I started completely independent of vidding fandom. I'm positive that I've told this story a hundred times, but long before I even knew what a vid was or had ventured onto the internet, I started to vid in a somewhat unique and difficult method. My tools were videotapes, a camcorder, a television, a tripod, and a cdplayer to create vids. I think I was, oh, maybe nine years old. It required a lot of running back and forth. I would know what scene I wanted for each second, and have found it on the video tape, have the camcorder set up and focused on the television, play a clip with the music in the background while recording with the camcorder. And then, after all of the running around, stopping, playing, pausing, etc, I would re-record onto a different VHS tape the whole video segment, to the song, without the jerky pauses. It was... an imperfect system, admittedly, but I toiled away a lot of homework time that way. I made mostly X-Files vids to Sarah McLachlan songs.
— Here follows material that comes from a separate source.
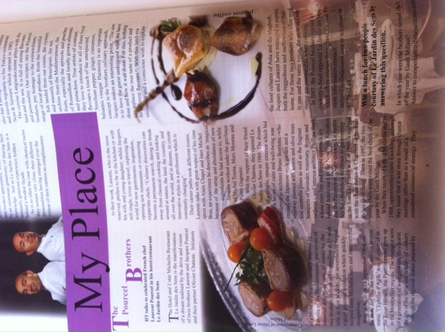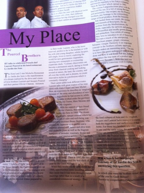 Le magasine « Hérault Time » destinés aux anglophones qui visitent le Département de l’Hérault, où à ceux qui vivent en terre languedocienne, consacre une page entière aux frères Pourcel et à leur table gastronomique » Le Jardin des Sens » sous le titre » My pLace « .

When I discovered vidding online, I knew I had to figure out how it had been done.

Each time, I'm triggered by a feeling. I know that sounds so deliberately obscure, but I can narrow it down to a *denied* feeling, something I need to express that I feel I haven't seen before, or seen enough of, to feed my own desire. Whether that be in the show, in the fandom, or another form, what I vid somehow was not there for me. Supernatural may have thousands of vids at this point, but there are still hungers left for me, and that is why it remains viddable to me.

It's wonderful to hear that I'm notable for this, because I feel like I have to amp it up during RPS videos, and I think the challenge is what draws me to the source. I feel like it's almost an entirely different medium of visuals to work with, despite being video. I'm drawn, also, by the lack of conventional vidding boundaries. RPS vids require their own set of rules to be solid videos, such as extreme focus on creating context, and it's like learning a new language to discover what those rules are going to be. The difference between RPS vidding and fictional source is largely the type of source you, as an artist, are going to be working with. There is less dynamic footage in much of RPS vids (though sometimes the footage can be amazing! Music Video footage for band/muscian rps vids can be tremendously appealing) which means the vidder has to try really hard to avoid being static and bland. In some ways, I think there is a lot more freedom in vidding RPS, because as much as it's based on real people, it's more fictional than fictional sources, which have context, and characters with known backgrounds and seasonal arcs. Much of RPS is based off of interviews, and the audience is mostly unlikely to be familiar with every interview ever or the same interviews as the vidder. It's vidding a narrative from scratch. My favorite RPS pairing to vid for was definitely Justin & JC of *Nsync. There was a ridiculous amount of source, much of it containing exciting motion and bright colors, and it basically hadn't been explored before, so there weren't tired clips that I had to force myself not to use. I could basically do what I want. Plus! I got to appropriately vid *Nsync songs, which just doesn't work in most other circumstances, I'm sorry to say.